I'm having some problems creating a foreign key to an existing table in a mysql database.
I have the table exp
:
+-------------+------------------+------+-----+---------+-------+
| Field | Type | Null | Key | Default | Extra |
+-------------+------------------+------+-----+---------+-------+
| EID | varchar(45) | NO | PRI | NULL | |
| Comment | text | YES | | NULL | |
| Initials | varchar(255) | NO | | NULL | |
| ExpDate | date | NO | | NULL | |
| InsertDate | date | NO | | NULL | |
| inserted_by | int(11) unsigned | YES | MUL | NULL | |
+-------------+------------------+------+-----+---------+-------+
and I wan't to create a new table called sample_df
referencing this, using the following:
CREATE TABLE sample_df (
df_id mediumint(5) unsigned AUTO_INCREMENT primary key,
sample_type mediumint(5) unsigned NOT NULL,
df_10 BOOLEAN NOT NULL,
df_100 BOOLEAN NOT NULL,
df_1000 BOOLEAN NOT NULL,
df_above_1000 BOOLEAN NOT NULL,
target INT(11) unsigned NOT NULL,
assay MEDIUMINT(5) unsigned zerofill NOT NULL,
insert_date TIMESTAMP NOT NULL DEFAULT CURRENT_TIMESTAMP,
inserted_by INT(11) unsigned NOT NULL,
initials varchar(255),
experiment VARCHAR(45),
CONSTRAINT FOREIGN KEY (inserted_by) REFERENCES user (iduser),
CONSTRAINT FOREIGN KEY (target) REFERENCES protein (PID),
CONSTRAINT FOREIGN KEY (sample_type) REFERENCES sample_type (ID),
CONSTRAINT FOREIGN KEY (assay) REFERENCES assays (AID),
CONSTRAINT FOREIGN KEY (experiment) REFERENCES exp (EID)
);
But I get the error:
ERROR 1215 (HY000): Cannot add foreign key constraint
To get some more information I did:
SHOW ENGINE INNODB STATUS\G
From which I got:
FOREIGN KEY (experiment) REFERENCES exp (EID)
):
Cannot find an index in the referenced table where the
referenced columns appear as the first columns, or column types
in the table and the referenced table do not match for constraint.

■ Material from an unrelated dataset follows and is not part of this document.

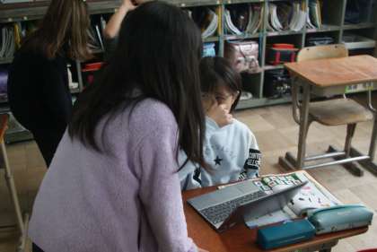 足跡クイズや漢字クイズなど、自分で作ったクイズを友達に出し合いました。「What's this?」や「It's 〜.」という表現を使って楽しくクイズを出し合うことができました。
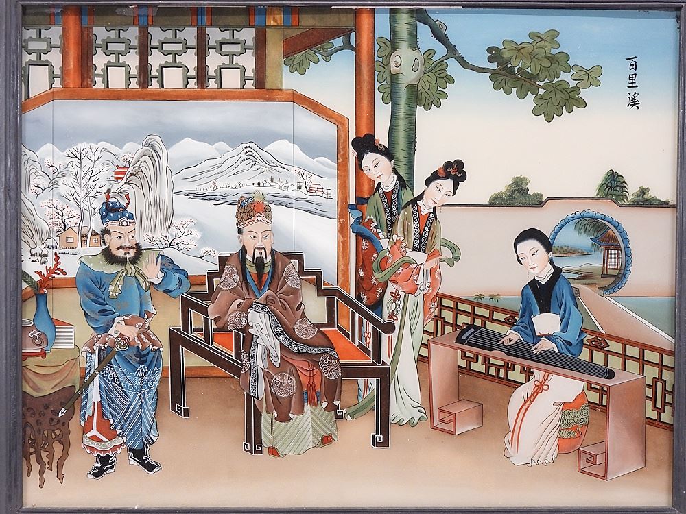 Chinese Reverse Painting on Glass, 17 5/8 x 23 1/4" "Musical Audience".

To me the column types seem to match, since they are both varchar(45).(I also tried setting the experiment
column to not null, but this didn't fix it) So I guess the problem must be that Cannot find an index in the referenced table where the referenced columns appear as the first columns
. But I'm not quite sure what this means, or how to check/fix it. Does anyone have any suggestions? And what is meant by first columns
?
I had this error as well. None of the answers pertained to me. In my case, my GUI automatically creates a table with a primary unique identifier as "unassigned". This fails when I try and create a foreign key and gives me the exact same error. My primary key needs to be assigned.
If you write the SQL itself like so
id int unique auto_increment
then you don't have this issue but for some reason my GUI does this insteadid int unassigned unique auto_increment
.Hope this helps someone else down the road.
In my case, it turned out the referenced column wasn't declared primary or unique.
https://stackoverflow.com/a/18435114/1763217
Referencing the same column more than once in the same constraint also produces this
Cannot find an index in the referenced table
error, but can be difficult to spot on large tables. Split up the constraints and it will work as expected.As mentioned @Anton, this could be because of the different data type. In my case I had primary key BIGINT(20) and tried to set foreight key with INT(10)
The exact order of the primary key also needs to match with no extra columns in between.
I had a primary key setup where the column order actually matches, but the problem was the primary key had an extra column in it that is not part of the foreign key of the referencing table
e.g.) table 2, column (a, b, c) -> table 1, column (a, b, d, c) -- THIS FAILS
I had to reorder the primary key columns so that not only they're ordered the same way, but have no extra columns in the middle:
e.g.) table 2, column (a, b, c) -> table 1, column (a, b, c, d) -- THIS SUCCEEDS
In some cases, I had to make the referenced field unique on top of defining it as the primary key.
But I found that not defining it as unique doesn't create a problem in every case. I have not been able to figure out the scenarios though. Probably something to do with nullable definition.